Mutual Transport Layer Security (mTLS) is an end-to-end security protocol that verifies the identity of both sides of a communication stream—the client and the Pismo platform. It provides mutual authentication between client and server, ensuring that both parties verify each other's identities before establishing a secure connection.

mTLS is mandatory for all API calls to the Pismo platform. This protocol keeps the platform in compliance with legal requirements, such as the European Union's eIDAS regulation and the revised Payment Services Directive (PSD2).

To configure mTLS, contact your Pismo representative. There are three ways to configure the signed certificate:

1. Pismo generates and signs a private and public key and sends the public key to you through a secure channel.
2. You generate a private and public key and send the public key to Pismo through a Certificate Signing Request (CSR). Pismo sends back a signed public certificate.
3. You generate your own public certificate and sign it with your own CA. You provide the signed certificate to Pismo for upload to Cloudflare. In this case, refer to the Important details section.
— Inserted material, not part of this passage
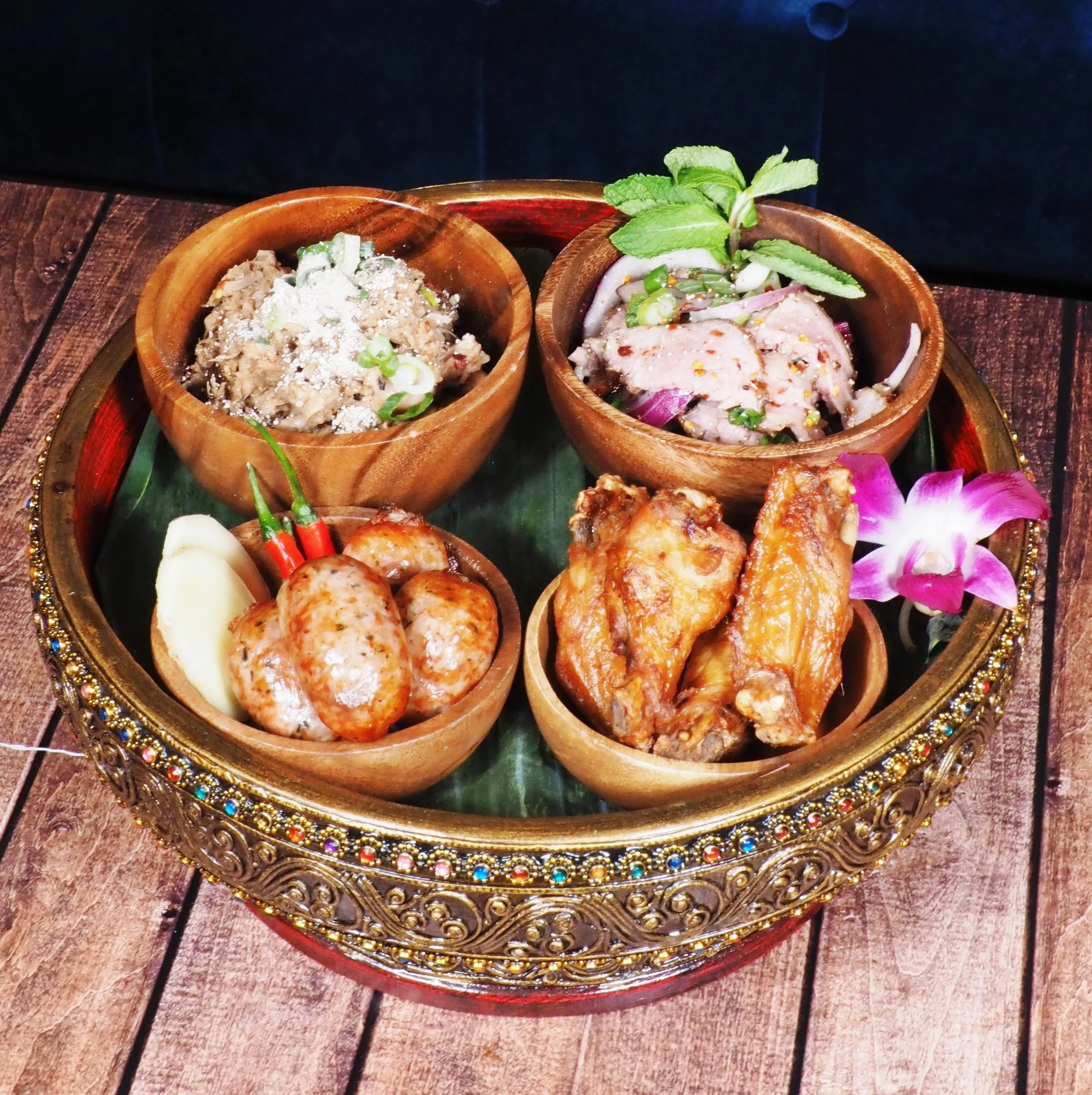 Saikrok E-San (4), Chicken wings (4), Nam Tok Moo (Grilled pork neck meat salad with shallot, scallion, mint, spicy roasted rice sauce), Soup Buk Mee (Young jackfruit dip with ground steamed makerel, chili, scallion, roasted rice)

How the mTLS process works

The following is an overview of how the authentication process works on the Pismo platform. During the process, if either side fails to present a valid certificate, the connection drops and no data is transmitted in either direction.

1. You connect to the platform.
2. The platform sends its TLS certificate.
3. You verify the certificate.
4. You send your certificate to the platform.
5. The platform verifies the certificate.
6. The platform grants access to you.
7. Data exchange occurs securely over the encrypted TLS connection.

Important details

The Pismo platform uses Cloudflare to provide signed certificates for the mTLS process. Certificates expire after three years.

If you want to use certificates from a different signing authority, you must provide Pismo with a risk letter that shows you understand the potential risks associated with your choice. This is necessary because in such a case Pismo cannot guarantee that the parties in each connection are who they claim to be.

In addition to the certificates, Pismo uses the Cloudflare Web Application Firewall (WAF), a more robust service against distributed denial-of-service (DDoS) attacks.

⚠️

Security note

Since mTLS is mandatory for all API calls to Pismo, the platform maintains a Web Application Firewall (WAF) rule to block API endpoints without it. This rule returns the following custom HTTP status codes:

• 485 MT-PIO returned by WAF if a request is made to an endpoint with mTLS configured but a valid certificate signed or trusted by Pismo was not presented.
• 490 NM-PIO/NM-IND for all requests to endpoints without mTLS configured. WAF blocked the request and you must re-configure your application to use an endpoint with mTLS.

If you receive a 485 or 490 error, report the incident to Pismo.